Hannaford: Countries such as Saudi Arabia, Qatar and the UAE have state-of-the- art technology, for example Masdar project in Abu Dhabi and Aramco in Saudi Arabia. These projects will bring the region to the forefront, and discussions are taking place within organisations to make it a reality. It was lipservice earlier but now efficiency is priority among enterprises. It is, therefore, changing the market scenario.

Are enterprises allocating funds specifically for green technologies?
Ansett:
It may not form a major part of the IT budget but is associated with saving money and energy. This is not a time to spend money therefore in the data centre area TCO has gained relevance. Operating and capital costs are a concern and therefore in 2009 there is an increasing trend towards investments in green technologies. Enterprises also want to reduce carbon footprint and therefore are actively pursuing green technologies.

Radlinger: Customers were cautious in 2009 especially as initial investments are high in green technologies. But in spite of this customers have opted to invest and use modern technologies in green investments.

Hannaford: The drivers are there in the Middle East and therefore it is no more a marketing concept. Enterprises want to do more with less which is why green investments have taken off. The key countries in the region are investing as they have understood that technology can help save money.
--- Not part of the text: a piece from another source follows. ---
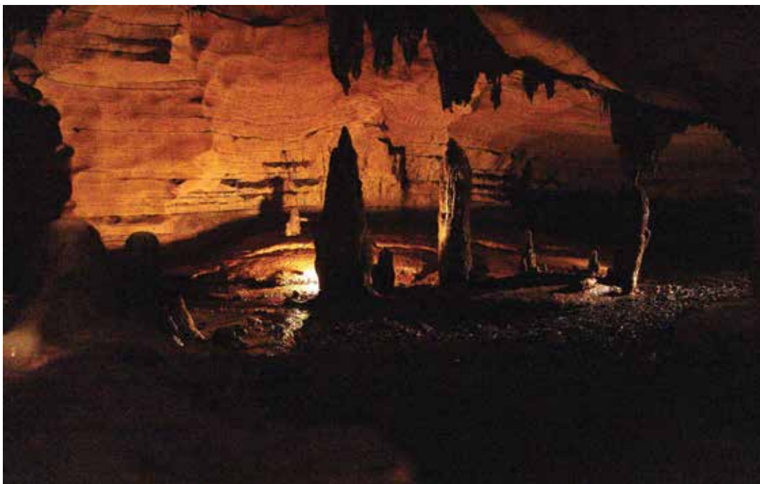
Figure 11. Galerie principale de Malébé avec de remarquables stalagmites.

que la rivière Louetsié contourne en une série de petits rapides. Le premier relevé topographique réalisé par Rouquette en 1952, révèle un réseau de conduits, galeries, salles, long de 1200 m avec des remarquables stalactites (Fig.12). La grotte s'ouvre au pied d'une petite falaise par un porche surbaissé et s'organise en une série de galeries labyrinthiques inter-communicantes, qui se recoupent à angle droit.

There are data centres as old as six years and form part of the huge capital expenditure. The way data centres were run and designed they were taking a lot of place and energy. Awareness levels are high encouraging customers to invest and putting green technology high on the budget list.

What is the role of governments in the region? Are they encouraging use of green technologies?
Ansett:
Government initiatives in Europe and the US have made an impact to some extent but it was also factors such as the price of oil and California energy prices. All these coincided with climate change. Governments funds are relevant to implementing green issues.
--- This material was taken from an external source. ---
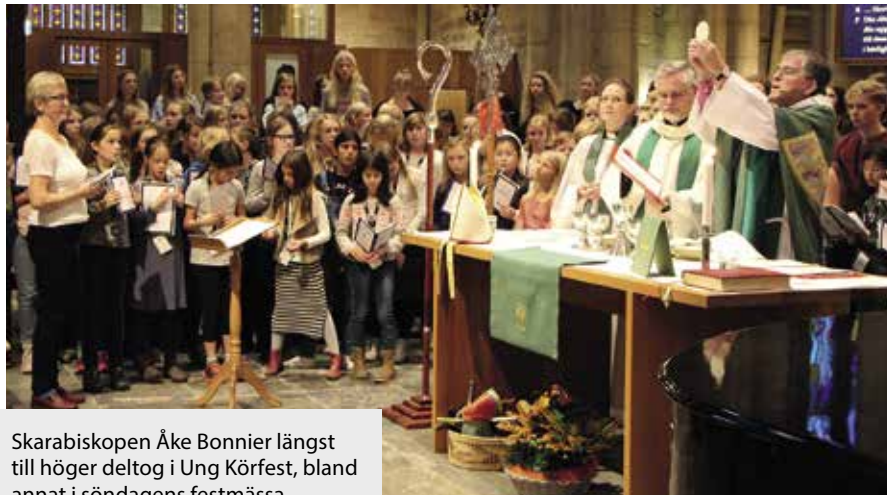
Skarabiskopen Åke Bonnier längst till höger deltog i Ung Körfest, bland annat i söndagens festmessa.

Radlinger: Globally, concepts such as green and even virtualisation are not very old and therefore not late to pick up in the region.

Technology majors such as Google and Microsoft investments in data centres are the best examples for Gulf-based organisations. Governments here can make a difference especially in driving home the fact that these investments bring down costs.

In countries such as Bahrain, Oman, Qatar and the UAE, green investments are happening.

Hannaford: In Europe, there is a commitment from the government to reduce carbon emissions at least by 80 per cent by 2015.

All companies here have to report if they use above 6000mw of electricity. In data centres, 30-40 racks of kilowatts of electricity is consumed. The tax system is also integrated as companies get carbon credits and there is carbon trading happening. This invariably reduces operating expenses.